AIDs are present in more than 30% of TETs (38,39). The most common syndrome is myasthenia gravis (MG) (38), which can vary from 17% in thymoma A to 71% in thymoma B2 (13). In addition, endocrine, rheumatologic, gastrointestinal, renal, cutaneous affectations may be associated (40-42). Data from RYTHMIC (Réseau tumeurs THYMiques et Cancer), one of the biggest registries of TETs in Europe, showed a 20.2% (590/2,909) of AID prevalence with 3.8% (n=21) of the patients presenting more than one event. Most of patients had MG (69.6%), followed by Good’s syndrome (5.6%), pure red cell aplasia (2.8%), thyroiditis (3.4%) and systemic erythematous lupus (4.4%). The AIDs were presented before (12.6%) and after (6.4%) besides the diagnosis (81%). Concerning histologic subtypes, more than 40% of prevalence were assessed in B2 and B3 subtypes (45% and 41% respectively) (43,44). Thymomas AB, B1 and B2 are rich with lymphocyte agglomerates, suggesting that those tumors are most frequently associated with AIDs than TC and B3 thymomas (45). However, several series have found a high prevalence of autoimmune events in thymoma B3 (13,14,43). Importantly, TC are rarely associated with AIDs (41,46). Several series have reported no MG in TC (14,47) with a small representation of AIDs overall (44) maybe due to the presence of non-immature T-cells.
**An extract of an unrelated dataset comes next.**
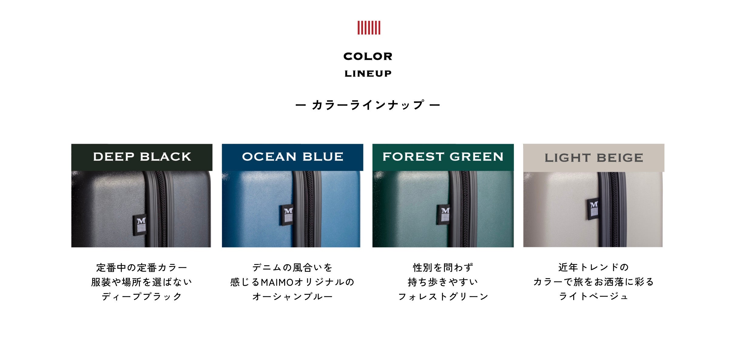MAIMOは、単なるスーツケースではなく一人ひとりのスタイルに合った「目的地までのパートナー」をお届けする日本発祥ブランドです。 スーツケース業界の常識に囚われない、珠玉の商品とサービスで ”お客様に寄り添うトラベルブランド” を目指しつづけます。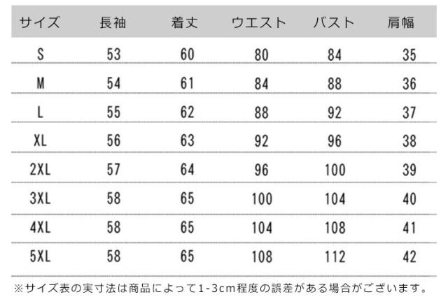 | サイズ | S M L XL 2XL 3XL 4XL 5XL |

The high incidence of AIDs in TETs in addition of the presentation of autoimmune symptoms afterward diagnosis of cancer (43,44) requires an extremely close monitoring during treatment with ICI.
Molecular features of AIDs and TETs
The unique biology of TETs confers them a special interest for the study of autoimmunity due to the strong association with AIDs, especially with MG. Indeed, the knowledge about the molecular characteristics of thymoma-related MG (TRMG) is limited. It is well understood that antibodies against acetyl-choline receptor (AchR) are essential for the development of MG, anti-AchR can block the post-synaptic membrane as well as reduce the quantity of AchR at the neuromuscular junction leading to a decrease response to Ach, thus a fluctuating skeletal muscle weakness and fatigue (48). Immunoregulation deficiency and central tolerance induced by tumor microenvironment may be a cause for the pathogenesis of tumor-associated AIDs, such as MG.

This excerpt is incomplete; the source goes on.